In the book The Unfought War of 1962: An Appraisal, by Raghav Sharan Sharma, he has mentioned that Lt General B.M. Kaul was a distant relation of Indian Prime Minister Jawaharlal Nehru. As a result, V.K.Krishna Menon who was the then Defence Minister and Jawaharlal Nehru's close aide, appointed Lt General B.M. Kaul as Chief of General Staff, against the recommendation of the outgoing Chief of Army Staff, General K.S.Thimayya and in spite of the fact that he was an Army Service Corps officer, with no prior combat experience and having never commanded a fighting unit earlier.

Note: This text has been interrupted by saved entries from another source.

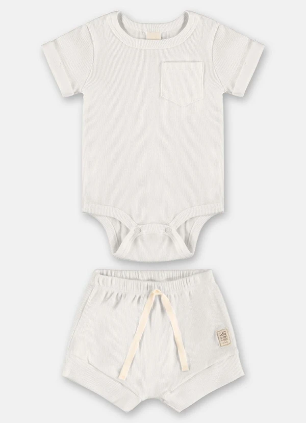 Up Baby - Conjunto Body Short Ribana Nature Up Baby Marrom
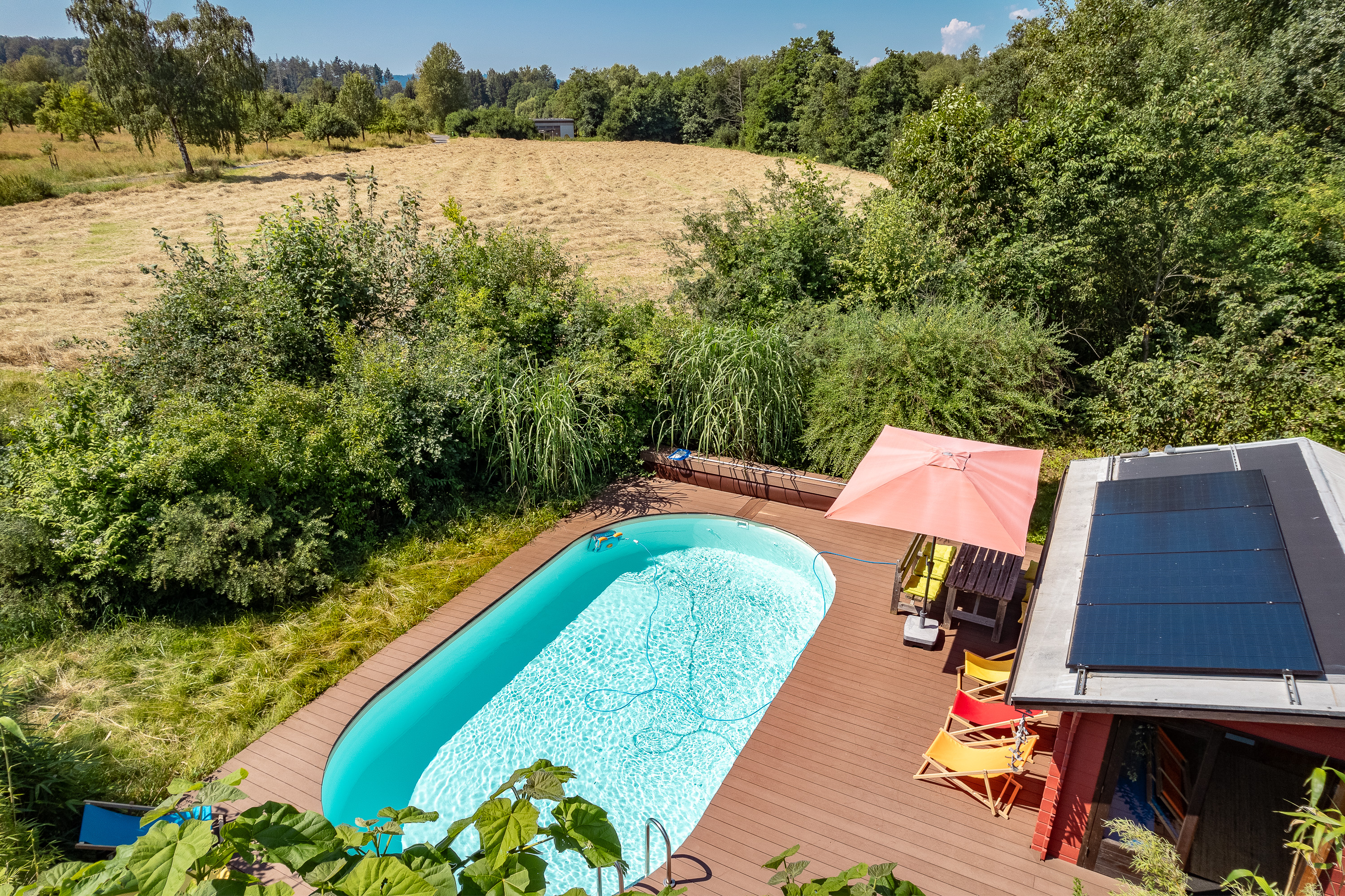 Das Highlight: Ein von außen nicht einsehbarer privater Swimmingpool und eine Gartensauna mit Dusche – absolute Privatsphäre für generationenübergreifende Entspannung.
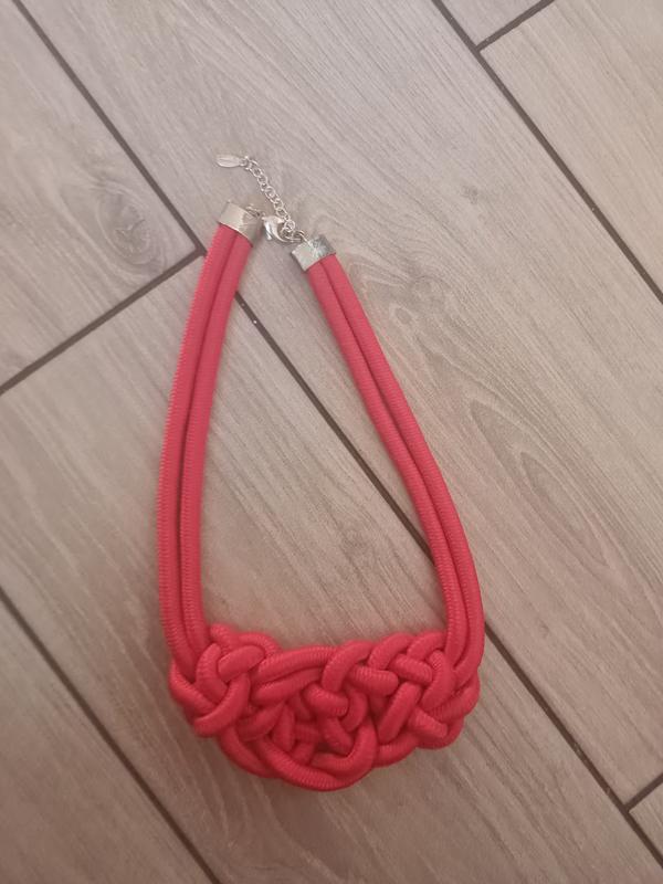 Веревочное колье красного цвета.
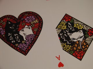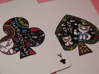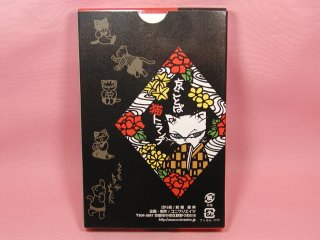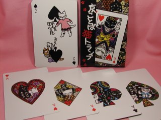 「松風直美」さんのネコさん 2006年11月に東京・谷中にある「ギャラリー猫町」で開催された 「ねこかるた・ねここよみ展」から連れ帰ったねこさんです。 ねこてさんこと松風直美さんの「京ことば猫トランプ」。はがきサイズの大きなトランプです。 一枚一枚に素敵なねこさんと京ことばが描かれています。 全部を並べて飾っておきたい感じ(=^m^=)
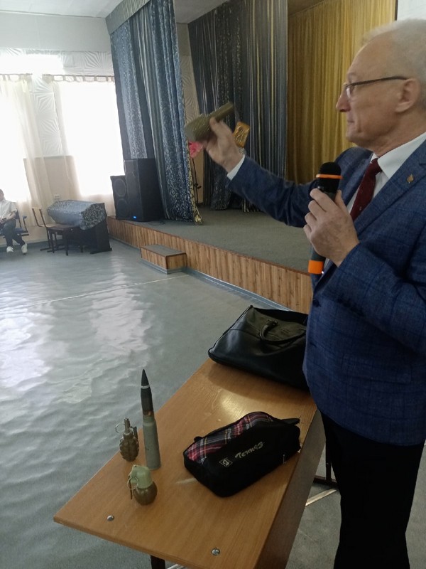 Он рассказал ребятам о международном терроризме, о его бесчеловечной сущности, привел примеры успешных спецопераций, которыми он руководил. Показал образцы гранат, подлинные расписки боевиков о получении денег за торговлю людьми и за совершённые преступления.

In the 1960s and 1970s the term, "Kaul Boys" (a parody of the term 'call girls'), in the army referred to officers or bureaucrats who unquestionably followed Kaul, the loose term incorporated many people, such as B.M. Bhattacharjee, Niranjan Prasad, A.S. Pathania, V.K. Krishna Menon, Brigadier Hoshiar Singh, L.P. Sen, Daulet Singh and B.N. Mullik- though some of these differ according to historians. Kaul's proximity to Nehru earned him lots of suspicion from many in the army, and many officers who did not agree with Kaul's policy's careers suffered; such as Sam Manekshaw, Umrao Singh, S.P.P. Thorat, Brigadier Gurbux Singh and J.P. Dalvi.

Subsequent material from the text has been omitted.